To the extent of funds available therefor, amounts owing hereon will be distributed on the 25th day of each calendar month (or, if such day is not a Business Day, the next succeeding Business Day) (each a “Settlement Date”), commencing on February 25, 2019 to the holder of this Excess Distribution Certificate.
The holder of this Excess Distribution Certificate acknowledges and agrees that its rights to receive distributions in respect of this Excess Distribution Certificate are subordinate to the rights of the Lenders as described in the Loan Agreement.
It is the intent of the Depositor, and the holder of this Excess Distribution Certificate that, for purposes of federal, state and local income and franchise and any other income taxes, this Excess Distribution Certificate will be treated as equity in, the Trust. In addition, as more fully described in Section 2.10 of the Trust Agreement, for federal income tax purposes the Trust is intended to be classified as a disregarded entity so long as there is only one tax owner of this Excess Distribution Certificate and as a partnership if there is more than one tax owner of this Excess Distribution Certificate.
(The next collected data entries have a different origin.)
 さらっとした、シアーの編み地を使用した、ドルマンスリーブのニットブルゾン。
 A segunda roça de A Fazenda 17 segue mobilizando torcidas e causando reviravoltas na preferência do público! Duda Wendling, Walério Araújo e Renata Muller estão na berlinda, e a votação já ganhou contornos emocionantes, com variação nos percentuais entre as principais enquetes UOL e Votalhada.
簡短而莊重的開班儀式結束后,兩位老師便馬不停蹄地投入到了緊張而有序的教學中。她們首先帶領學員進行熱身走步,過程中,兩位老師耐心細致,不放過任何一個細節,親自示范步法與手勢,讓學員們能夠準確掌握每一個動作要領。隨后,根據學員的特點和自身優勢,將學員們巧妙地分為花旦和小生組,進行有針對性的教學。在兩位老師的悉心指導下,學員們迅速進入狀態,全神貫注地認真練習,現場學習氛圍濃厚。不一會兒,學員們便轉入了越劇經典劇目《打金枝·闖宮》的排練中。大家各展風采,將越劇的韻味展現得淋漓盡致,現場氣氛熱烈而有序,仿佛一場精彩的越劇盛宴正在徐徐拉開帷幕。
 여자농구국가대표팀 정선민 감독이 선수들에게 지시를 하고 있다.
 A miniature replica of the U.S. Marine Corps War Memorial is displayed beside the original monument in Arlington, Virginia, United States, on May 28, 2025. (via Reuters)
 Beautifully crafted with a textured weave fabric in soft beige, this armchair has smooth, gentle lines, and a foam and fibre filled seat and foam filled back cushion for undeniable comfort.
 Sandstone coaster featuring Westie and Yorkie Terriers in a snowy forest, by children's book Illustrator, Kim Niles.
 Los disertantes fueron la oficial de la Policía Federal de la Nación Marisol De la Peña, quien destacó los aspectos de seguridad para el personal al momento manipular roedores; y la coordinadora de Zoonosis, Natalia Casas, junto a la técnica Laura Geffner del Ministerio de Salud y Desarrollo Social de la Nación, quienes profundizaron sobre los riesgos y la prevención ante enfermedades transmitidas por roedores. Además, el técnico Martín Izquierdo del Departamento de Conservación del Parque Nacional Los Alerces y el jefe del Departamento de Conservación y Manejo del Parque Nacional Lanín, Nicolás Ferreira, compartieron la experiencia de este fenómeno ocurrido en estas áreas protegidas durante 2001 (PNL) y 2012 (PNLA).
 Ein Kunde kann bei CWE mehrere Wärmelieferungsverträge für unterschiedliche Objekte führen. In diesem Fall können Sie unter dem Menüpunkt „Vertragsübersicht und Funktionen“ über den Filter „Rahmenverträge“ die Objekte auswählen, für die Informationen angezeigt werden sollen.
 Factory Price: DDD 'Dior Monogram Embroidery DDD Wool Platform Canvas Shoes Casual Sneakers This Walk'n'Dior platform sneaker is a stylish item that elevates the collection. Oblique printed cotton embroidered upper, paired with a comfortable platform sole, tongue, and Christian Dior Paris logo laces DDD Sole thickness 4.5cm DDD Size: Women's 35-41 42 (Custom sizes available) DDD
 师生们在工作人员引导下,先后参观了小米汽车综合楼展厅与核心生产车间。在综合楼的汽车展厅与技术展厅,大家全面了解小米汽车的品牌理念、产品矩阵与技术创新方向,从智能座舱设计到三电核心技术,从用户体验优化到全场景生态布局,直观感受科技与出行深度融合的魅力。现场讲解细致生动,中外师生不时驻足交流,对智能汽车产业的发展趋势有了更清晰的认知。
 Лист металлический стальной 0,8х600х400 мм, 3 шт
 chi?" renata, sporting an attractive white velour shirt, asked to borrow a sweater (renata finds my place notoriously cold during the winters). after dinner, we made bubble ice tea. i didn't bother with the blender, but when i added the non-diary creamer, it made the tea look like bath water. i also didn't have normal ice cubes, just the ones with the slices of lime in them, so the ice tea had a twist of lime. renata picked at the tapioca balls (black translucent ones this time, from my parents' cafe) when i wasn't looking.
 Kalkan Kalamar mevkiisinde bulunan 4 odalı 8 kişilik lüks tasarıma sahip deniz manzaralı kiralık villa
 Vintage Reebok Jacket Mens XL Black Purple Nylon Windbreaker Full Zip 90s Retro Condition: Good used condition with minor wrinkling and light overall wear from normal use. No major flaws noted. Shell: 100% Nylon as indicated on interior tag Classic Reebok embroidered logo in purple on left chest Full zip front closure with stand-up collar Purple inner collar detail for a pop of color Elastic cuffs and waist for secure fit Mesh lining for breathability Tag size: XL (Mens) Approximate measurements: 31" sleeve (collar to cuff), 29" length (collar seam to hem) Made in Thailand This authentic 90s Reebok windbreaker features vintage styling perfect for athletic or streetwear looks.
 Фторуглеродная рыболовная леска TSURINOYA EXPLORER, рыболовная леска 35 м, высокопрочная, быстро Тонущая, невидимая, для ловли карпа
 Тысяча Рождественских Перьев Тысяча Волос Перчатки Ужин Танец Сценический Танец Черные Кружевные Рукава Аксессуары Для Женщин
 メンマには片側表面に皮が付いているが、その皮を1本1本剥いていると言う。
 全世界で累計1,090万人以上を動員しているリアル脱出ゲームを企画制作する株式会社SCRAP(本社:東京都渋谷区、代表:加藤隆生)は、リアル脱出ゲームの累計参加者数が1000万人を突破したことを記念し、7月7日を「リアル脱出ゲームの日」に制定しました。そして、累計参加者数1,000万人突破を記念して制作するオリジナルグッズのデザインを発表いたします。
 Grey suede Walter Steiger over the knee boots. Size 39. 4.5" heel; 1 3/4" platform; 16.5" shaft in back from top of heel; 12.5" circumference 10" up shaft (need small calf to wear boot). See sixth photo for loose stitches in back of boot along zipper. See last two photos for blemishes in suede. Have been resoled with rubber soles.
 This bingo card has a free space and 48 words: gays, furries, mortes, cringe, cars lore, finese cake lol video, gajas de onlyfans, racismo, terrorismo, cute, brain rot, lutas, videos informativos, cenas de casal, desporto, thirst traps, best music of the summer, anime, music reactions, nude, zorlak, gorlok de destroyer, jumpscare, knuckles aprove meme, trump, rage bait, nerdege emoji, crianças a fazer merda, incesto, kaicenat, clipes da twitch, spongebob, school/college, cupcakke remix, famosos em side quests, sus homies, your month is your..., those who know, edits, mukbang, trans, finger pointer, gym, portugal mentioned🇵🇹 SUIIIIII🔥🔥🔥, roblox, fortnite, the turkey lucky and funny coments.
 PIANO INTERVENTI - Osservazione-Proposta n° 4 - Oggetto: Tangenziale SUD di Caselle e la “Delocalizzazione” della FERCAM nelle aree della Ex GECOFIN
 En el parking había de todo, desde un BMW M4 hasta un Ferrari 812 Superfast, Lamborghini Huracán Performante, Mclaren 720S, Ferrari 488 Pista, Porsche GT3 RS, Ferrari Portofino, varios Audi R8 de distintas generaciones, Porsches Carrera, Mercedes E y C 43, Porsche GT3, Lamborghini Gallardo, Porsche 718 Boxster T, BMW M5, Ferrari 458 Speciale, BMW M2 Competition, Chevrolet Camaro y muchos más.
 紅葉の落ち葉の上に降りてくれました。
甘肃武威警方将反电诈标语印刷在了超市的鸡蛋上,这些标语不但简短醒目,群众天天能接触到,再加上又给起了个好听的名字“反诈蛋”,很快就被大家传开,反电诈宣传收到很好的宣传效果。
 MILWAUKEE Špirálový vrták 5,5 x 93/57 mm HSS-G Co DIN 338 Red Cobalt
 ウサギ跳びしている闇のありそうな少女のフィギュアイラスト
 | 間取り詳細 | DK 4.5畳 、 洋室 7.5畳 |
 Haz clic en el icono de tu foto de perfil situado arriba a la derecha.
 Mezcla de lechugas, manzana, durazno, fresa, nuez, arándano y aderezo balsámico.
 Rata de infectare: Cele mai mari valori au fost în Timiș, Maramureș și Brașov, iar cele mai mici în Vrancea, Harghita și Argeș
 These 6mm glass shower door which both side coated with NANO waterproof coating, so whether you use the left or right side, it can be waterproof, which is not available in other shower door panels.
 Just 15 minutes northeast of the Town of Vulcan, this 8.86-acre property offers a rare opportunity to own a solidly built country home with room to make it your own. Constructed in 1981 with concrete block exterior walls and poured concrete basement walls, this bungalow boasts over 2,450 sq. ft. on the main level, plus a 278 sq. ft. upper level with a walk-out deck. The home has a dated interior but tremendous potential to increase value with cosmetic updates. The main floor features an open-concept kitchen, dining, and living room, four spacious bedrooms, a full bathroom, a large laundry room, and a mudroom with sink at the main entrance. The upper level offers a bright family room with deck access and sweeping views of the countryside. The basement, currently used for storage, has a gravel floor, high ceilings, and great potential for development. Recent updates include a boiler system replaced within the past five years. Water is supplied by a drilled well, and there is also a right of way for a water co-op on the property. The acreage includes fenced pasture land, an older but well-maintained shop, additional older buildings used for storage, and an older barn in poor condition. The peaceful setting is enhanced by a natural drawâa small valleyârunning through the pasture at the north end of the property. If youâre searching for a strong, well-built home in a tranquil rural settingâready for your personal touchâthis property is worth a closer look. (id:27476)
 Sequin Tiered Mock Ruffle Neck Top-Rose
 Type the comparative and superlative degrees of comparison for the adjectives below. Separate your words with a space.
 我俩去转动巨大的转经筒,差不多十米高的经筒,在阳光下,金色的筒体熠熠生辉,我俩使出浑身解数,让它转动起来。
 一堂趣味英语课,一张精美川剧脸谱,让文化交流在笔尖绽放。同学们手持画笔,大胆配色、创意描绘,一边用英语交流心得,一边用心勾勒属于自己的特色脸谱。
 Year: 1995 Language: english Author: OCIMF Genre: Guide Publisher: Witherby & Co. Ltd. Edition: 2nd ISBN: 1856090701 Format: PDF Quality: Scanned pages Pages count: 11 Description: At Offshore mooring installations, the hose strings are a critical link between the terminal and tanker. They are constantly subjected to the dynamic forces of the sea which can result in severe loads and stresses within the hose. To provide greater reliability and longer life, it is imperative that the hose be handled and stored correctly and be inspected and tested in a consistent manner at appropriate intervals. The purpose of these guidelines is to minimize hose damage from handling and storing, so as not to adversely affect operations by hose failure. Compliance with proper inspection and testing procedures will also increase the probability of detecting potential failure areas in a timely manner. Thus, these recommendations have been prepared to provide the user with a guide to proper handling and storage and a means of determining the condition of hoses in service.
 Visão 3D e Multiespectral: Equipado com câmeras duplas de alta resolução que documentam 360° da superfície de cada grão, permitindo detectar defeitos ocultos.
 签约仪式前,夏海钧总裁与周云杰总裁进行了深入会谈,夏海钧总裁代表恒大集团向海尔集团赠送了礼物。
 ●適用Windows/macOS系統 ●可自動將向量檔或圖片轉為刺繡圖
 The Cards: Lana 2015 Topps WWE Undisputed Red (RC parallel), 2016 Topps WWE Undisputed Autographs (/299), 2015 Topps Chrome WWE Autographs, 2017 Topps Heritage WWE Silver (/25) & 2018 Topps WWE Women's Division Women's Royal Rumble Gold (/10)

The holder of this Excess Distribution Certificate agrees, by acceptance of the Excess Distribution Certificate, to treat this Excess Distribution Certificate and the Trust consistent with such intent.
The holder of this Excess Distribution Certificate, by its acceptance of this Excess Distribution Certificate, covenants and agrees that it will not at any time institute against the Depositor or the Trust, or join in any institution against the Depositor or the Trust of, any bankruptcy, reorganization, arrangement, insolvency, receivership or liquidation proceedings, or other proceedings under any United States Federal or state bankruptcy or similar law in connection with any obligations relating to this Excess Distribution Certificate, the Trust Agreement or any of the other Trust Documents. The foregoing shall not limit the rights of the holder of this Excess Distribution Certificate to file any claim in, or otherwise take an action with respect to, any insolvency proceeding that was instituted against the Depositor or the Trust by a Person other than the holder of this Excess Distribution Certificate.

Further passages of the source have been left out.